## What you have to do:
Of the entries below, return exactly those lines that fall between the one containing "Fig. 4. Jascha" and the one containing "The Louer garden", the two end lines included.

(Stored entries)
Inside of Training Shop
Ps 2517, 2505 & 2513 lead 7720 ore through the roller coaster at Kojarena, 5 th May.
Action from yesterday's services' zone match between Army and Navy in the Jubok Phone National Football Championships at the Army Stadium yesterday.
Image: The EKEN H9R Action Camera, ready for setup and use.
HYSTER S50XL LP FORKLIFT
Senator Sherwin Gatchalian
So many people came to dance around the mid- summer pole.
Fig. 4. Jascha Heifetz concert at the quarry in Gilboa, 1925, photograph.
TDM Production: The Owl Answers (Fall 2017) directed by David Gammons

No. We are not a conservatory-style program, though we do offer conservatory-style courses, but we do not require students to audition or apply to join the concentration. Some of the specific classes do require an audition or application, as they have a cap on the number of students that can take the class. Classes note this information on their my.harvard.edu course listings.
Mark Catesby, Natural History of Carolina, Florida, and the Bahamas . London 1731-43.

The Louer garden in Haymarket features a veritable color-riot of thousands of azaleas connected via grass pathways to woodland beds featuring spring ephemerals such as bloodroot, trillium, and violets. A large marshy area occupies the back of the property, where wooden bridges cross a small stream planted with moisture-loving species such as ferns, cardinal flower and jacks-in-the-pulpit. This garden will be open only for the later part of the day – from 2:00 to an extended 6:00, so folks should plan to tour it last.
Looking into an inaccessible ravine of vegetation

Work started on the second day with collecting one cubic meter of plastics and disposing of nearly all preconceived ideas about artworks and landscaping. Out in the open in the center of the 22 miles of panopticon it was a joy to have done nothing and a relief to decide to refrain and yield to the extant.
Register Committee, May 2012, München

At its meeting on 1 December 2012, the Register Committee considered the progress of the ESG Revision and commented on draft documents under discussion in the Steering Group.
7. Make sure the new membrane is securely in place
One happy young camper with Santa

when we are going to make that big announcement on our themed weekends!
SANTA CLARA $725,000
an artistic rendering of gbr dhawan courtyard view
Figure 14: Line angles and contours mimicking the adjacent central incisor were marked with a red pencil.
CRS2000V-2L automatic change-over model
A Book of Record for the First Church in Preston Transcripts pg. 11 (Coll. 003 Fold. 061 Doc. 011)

## Answer box:
Fig. 4. Jascha Heifetz concert at the quarry in Gilboa, 1925, photograph.
TDM Production: The Owl Answers (Fall 2017) directed by David Gammons

No. We are not a conservatory-style program, though we do offer conservatory-style courses, but we do not require students to audition or apply to join the concentration. Some of the specific classes do require an audition or application, as they have a cap on the number of students that can take the class. Classes note this information on their my.harvard.edu course listings.
Mark Catesby, Natural History of Carolina, Florida, and the Bahamas . London 1731-43.

The Louer garden in Haymarket features a veritable color-riot of thousands of azaleas connected via grass pathways to woodland beds featuring spring ephemerals such as bloodroot, trillium, and violets. A large marshy area occupies the back of the property, where wooden bridges cross a small stream planted with moisture-loving species such as ferns, cardinal flower and jacks-in-the-pulpit. This garden will be open only for the later part of the day – from 2:00 to an extended 6:00, so folks should plan to tour it last.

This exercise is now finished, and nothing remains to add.